Exercise instructions :: From the top of the entries, reproduce each line exactly, stopping after the line that contains "Piatto Caltagirone spugnato". Omit pictures.

Dataset items ::
====

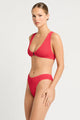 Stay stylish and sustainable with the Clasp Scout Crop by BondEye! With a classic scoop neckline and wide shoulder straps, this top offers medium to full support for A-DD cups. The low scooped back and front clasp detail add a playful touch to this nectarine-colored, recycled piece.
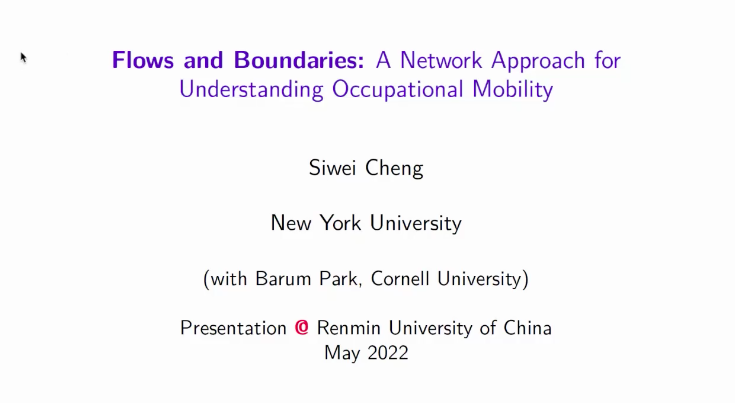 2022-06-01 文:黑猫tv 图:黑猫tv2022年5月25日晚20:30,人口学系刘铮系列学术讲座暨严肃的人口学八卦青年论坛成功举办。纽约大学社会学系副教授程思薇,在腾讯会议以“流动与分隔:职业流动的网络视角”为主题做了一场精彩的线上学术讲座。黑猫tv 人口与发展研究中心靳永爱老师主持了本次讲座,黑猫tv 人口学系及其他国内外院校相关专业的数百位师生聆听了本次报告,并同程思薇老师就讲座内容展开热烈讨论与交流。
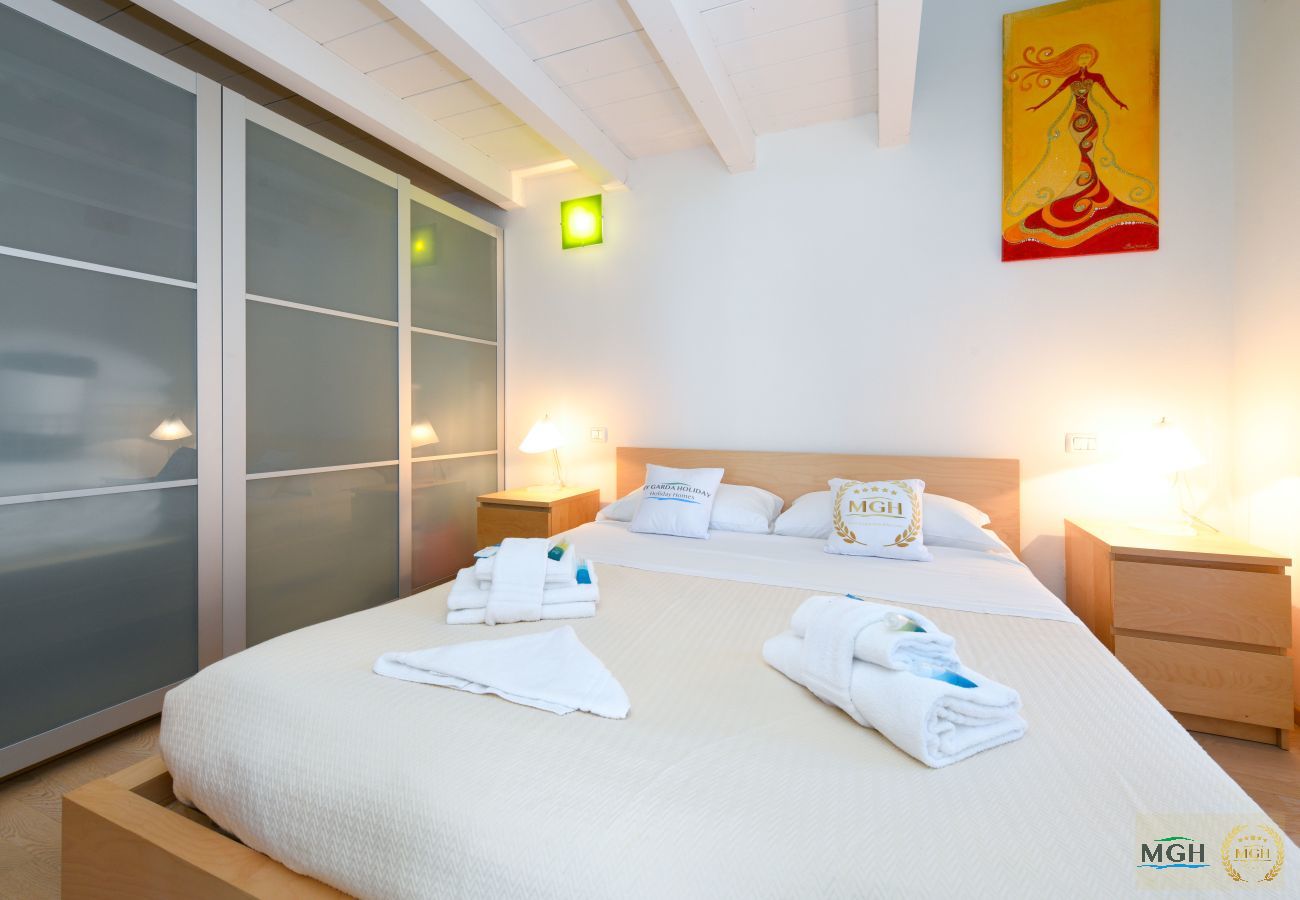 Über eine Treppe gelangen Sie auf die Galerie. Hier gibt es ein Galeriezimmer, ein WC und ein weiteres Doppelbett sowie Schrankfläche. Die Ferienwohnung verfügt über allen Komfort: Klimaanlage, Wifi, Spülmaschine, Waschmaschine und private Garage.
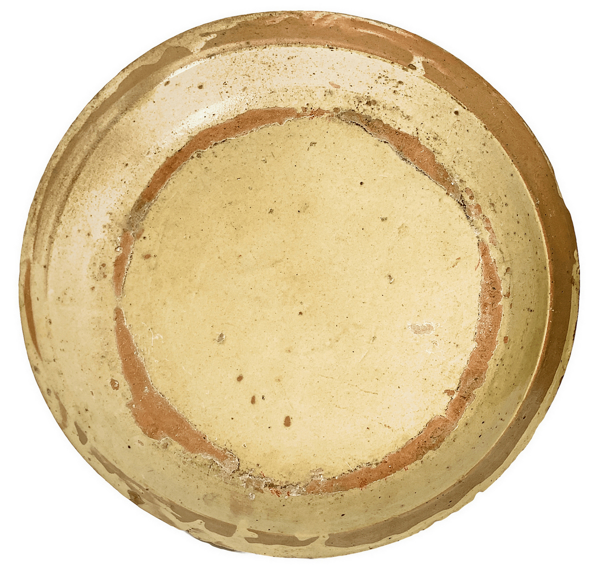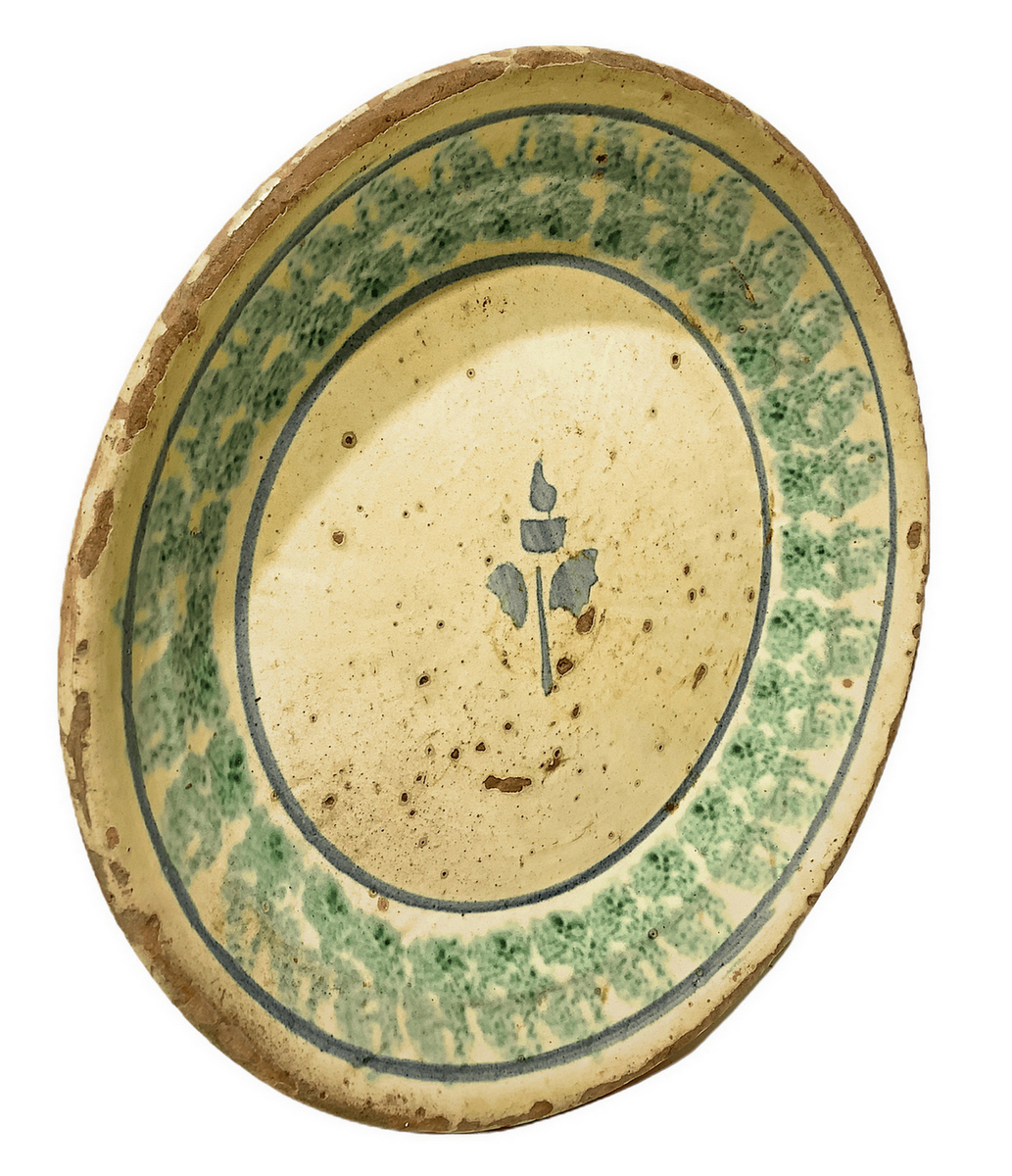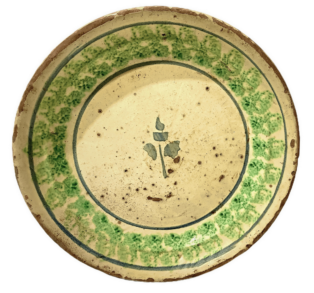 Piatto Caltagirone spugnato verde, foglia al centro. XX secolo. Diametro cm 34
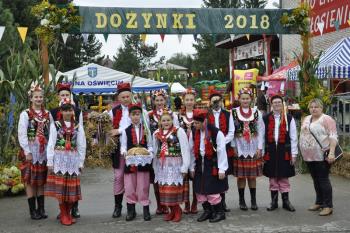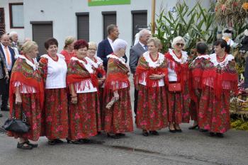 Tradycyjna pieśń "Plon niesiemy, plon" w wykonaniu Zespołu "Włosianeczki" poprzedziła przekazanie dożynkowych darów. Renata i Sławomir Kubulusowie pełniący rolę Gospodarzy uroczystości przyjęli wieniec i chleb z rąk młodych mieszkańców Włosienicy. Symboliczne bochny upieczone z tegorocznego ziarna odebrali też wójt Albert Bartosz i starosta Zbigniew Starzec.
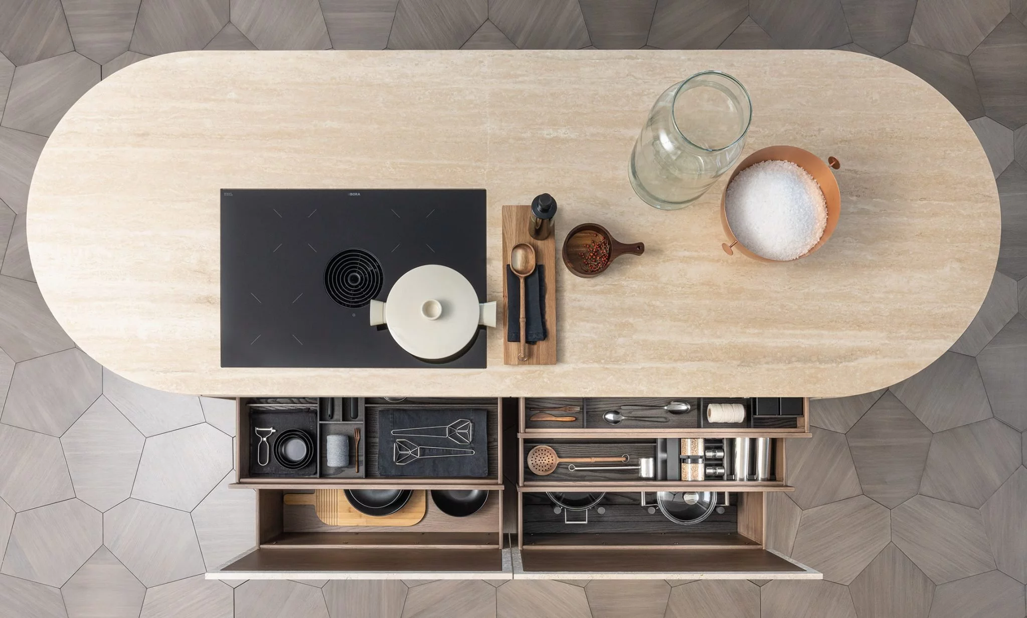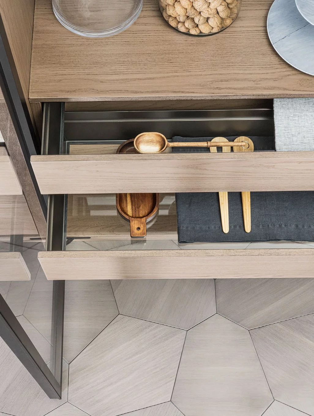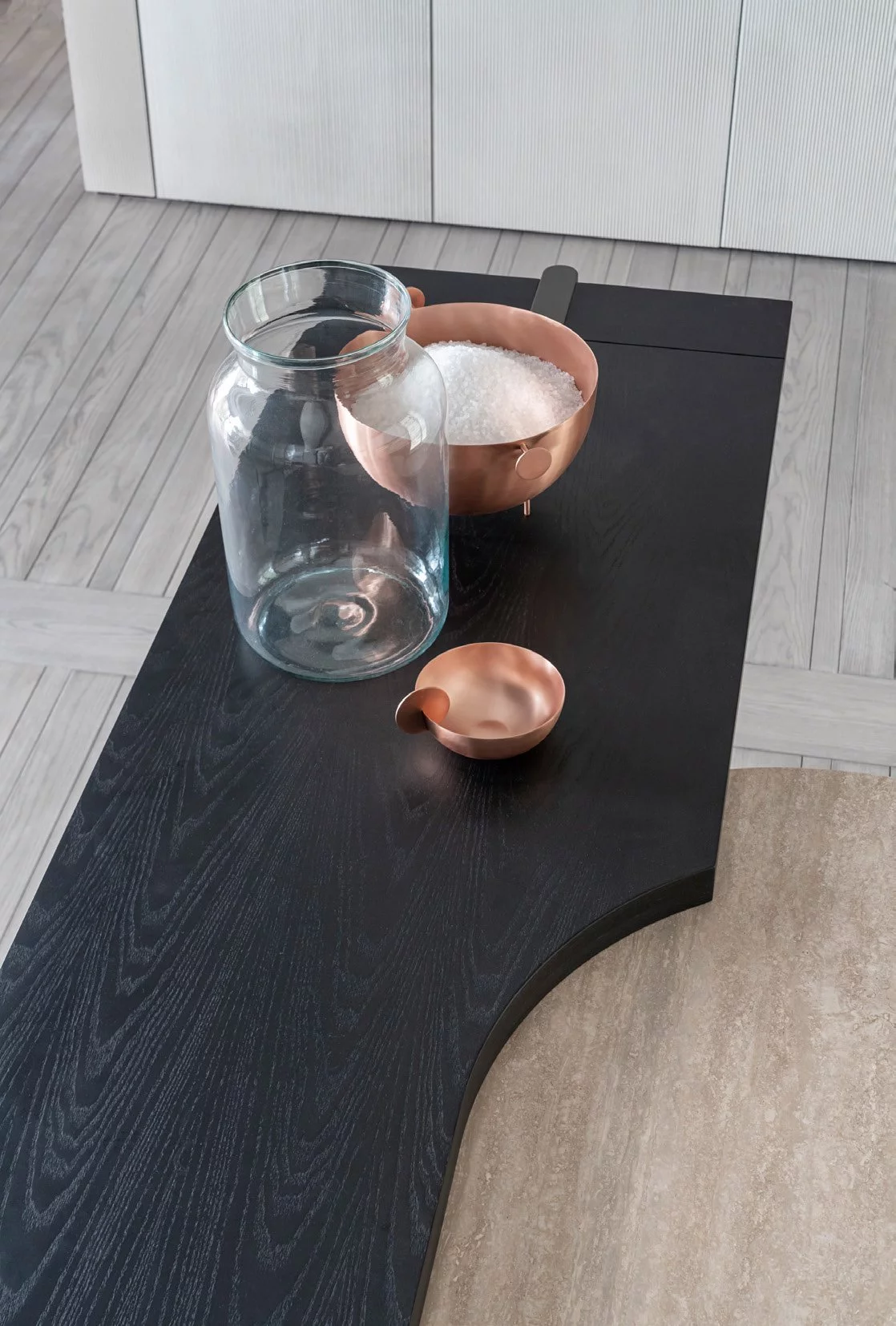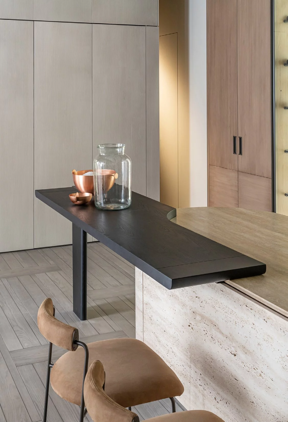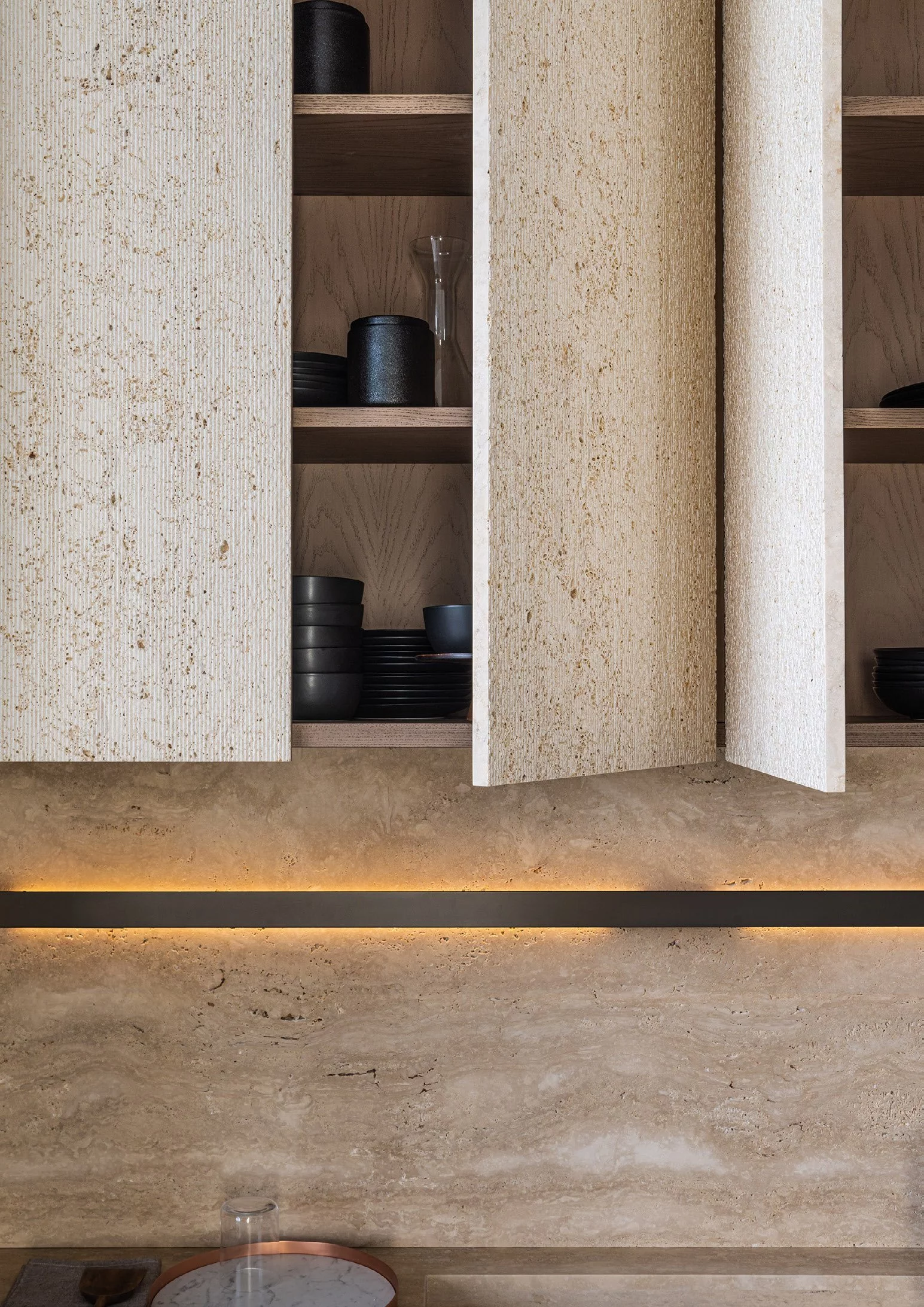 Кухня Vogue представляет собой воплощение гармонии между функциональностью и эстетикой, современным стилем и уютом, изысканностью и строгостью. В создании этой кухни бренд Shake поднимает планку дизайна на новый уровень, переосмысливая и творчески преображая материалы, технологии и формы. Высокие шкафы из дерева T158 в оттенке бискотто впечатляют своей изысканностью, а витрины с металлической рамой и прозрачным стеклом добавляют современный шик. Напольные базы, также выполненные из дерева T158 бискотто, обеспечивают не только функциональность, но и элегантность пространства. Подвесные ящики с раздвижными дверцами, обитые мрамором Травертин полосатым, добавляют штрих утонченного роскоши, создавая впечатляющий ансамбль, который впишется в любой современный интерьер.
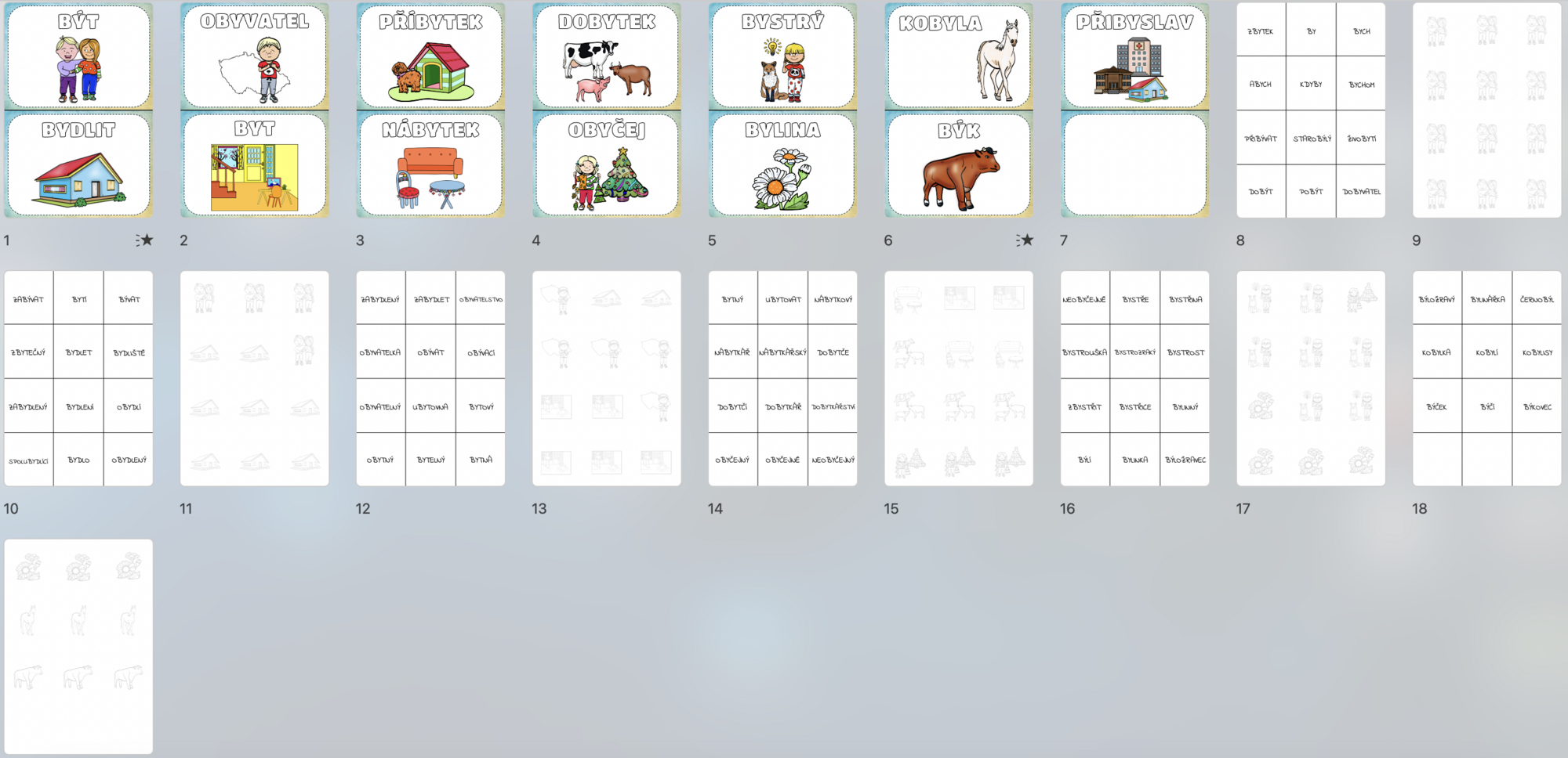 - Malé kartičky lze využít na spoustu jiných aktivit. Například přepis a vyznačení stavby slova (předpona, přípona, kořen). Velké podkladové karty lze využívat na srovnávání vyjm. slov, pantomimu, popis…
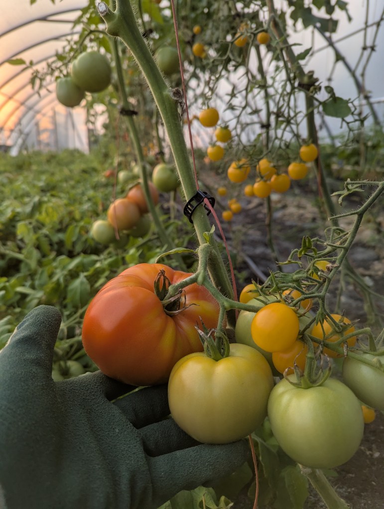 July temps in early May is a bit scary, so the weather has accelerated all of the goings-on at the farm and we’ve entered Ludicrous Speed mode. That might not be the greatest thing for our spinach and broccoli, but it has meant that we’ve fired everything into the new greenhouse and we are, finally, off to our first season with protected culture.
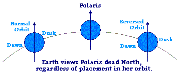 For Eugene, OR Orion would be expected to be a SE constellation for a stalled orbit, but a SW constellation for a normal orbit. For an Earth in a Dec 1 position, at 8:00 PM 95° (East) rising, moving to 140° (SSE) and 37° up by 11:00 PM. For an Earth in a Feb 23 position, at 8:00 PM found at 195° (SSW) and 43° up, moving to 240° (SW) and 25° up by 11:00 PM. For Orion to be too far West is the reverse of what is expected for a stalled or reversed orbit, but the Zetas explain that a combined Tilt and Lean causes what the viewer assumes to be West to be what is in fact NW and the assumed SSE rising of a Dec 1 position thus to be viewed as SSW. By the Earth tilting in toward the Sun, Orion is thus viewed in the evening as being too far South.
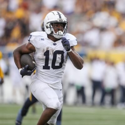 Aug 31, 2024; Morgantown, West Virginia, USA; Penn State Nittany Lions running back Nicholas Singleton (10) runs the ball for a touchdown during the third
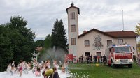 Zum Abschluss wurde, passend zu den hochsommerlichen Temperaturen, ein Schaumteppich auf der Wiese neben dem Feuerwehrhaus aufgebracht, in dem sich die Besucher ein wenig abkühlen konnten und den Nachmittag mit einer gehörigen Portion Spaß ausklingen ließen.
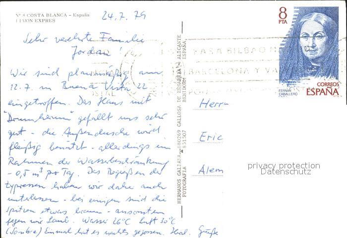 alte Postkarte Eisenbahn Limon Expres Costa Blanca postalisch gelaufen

====

Answer to this exercise ::
 Stay stylish and sustainable with the Clasp Scout Crop by BondEye! With a classic scoop neckline and wide shoulder straps, this top offers medium to full support for A-DD cups. The low scooped back and front clasp detail add a playful touch to this nectarine-colored, recycled piece.
 2022-06-01 文:黑猫tv 图:黑猫tv2022年5月25日晚20:30,人口学系刘铮系列学术讲座暨严肃的人口学八卦青年论坛成功举办。纽约大学社会学系副教授程思薇,在腾讯会议以“流动与分隔:职业流动的网络视角”为主题做了一场精彩的线上学术讲座。黑猫tv 人口与发展研究中心靳永爱老师主持了本次讲座,黑猫tv 人口学系及其他国内外院校相关专业的数百位师生聆听了本次报告,并同程思薇老师就讲座内容展开热烈讨论与交流。
 Über eine Treppe gelangen Sie auf die Galerie. Hier gibt es ein Galeriezimmer, ein WC und ein weiteres Doppelbett sowie Schrankfläche. Die Ferienwohnung verfügt über allen Komfort: Klimaanlage, Wifi, Spülmaschine, Waschmaschine und private Garage.
 Piatto Caltagirone spugnato verde, foglia al centro. XX secolo. Diametro cm 34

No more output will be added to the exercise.